Question

Mason launched a model rocket from the group with an initial velocity of 160 feet per second. The path of the rocket can be modeled using the equation h=-16t^2 + 160t, where h is the height above ground and t is the time after launch.

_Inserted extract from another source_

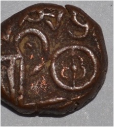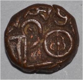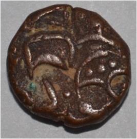 Obverse Horseman to the left. Man on the horseback and flagpole at the back of horse. Reverse Couchant bull facing right and traces of legend on the top.

At what time(s) is the rocket at a height of 336 feet?

Answer 1

So, at time t = 3 s and t = 7 s ,Rocket will be at a height of 336 feet,

Explanation:

Given:

initial velocity of rocket = 160 feet/s

`h=-16t^(2)+160t`

where ,h = height

t = time

To Find:

Time = ? for h =336 feet

Solution:

`h=-16t^(2)+160t` ......Given

Substitute h = 336 we get

`336=-16t^(2)+160t\\16t^(2)-160t+336=0`

Now Dividing the Equation throughout by 16 we get

`t^(2)-10t+21=0`

Which is a Quadratic Equation , hence on Factorizing we get

`t^(2)-7t-3t+21=0\\t(t-7)-3(t-7)=0\\(t-3)(t-7)=0\\t-3=0\ or\ t-7=0\\t=3\ or\ t=7`

Because it is a Parabolic Path ,

So, during upward journey at t = 3 s, the height will reach 336 ft.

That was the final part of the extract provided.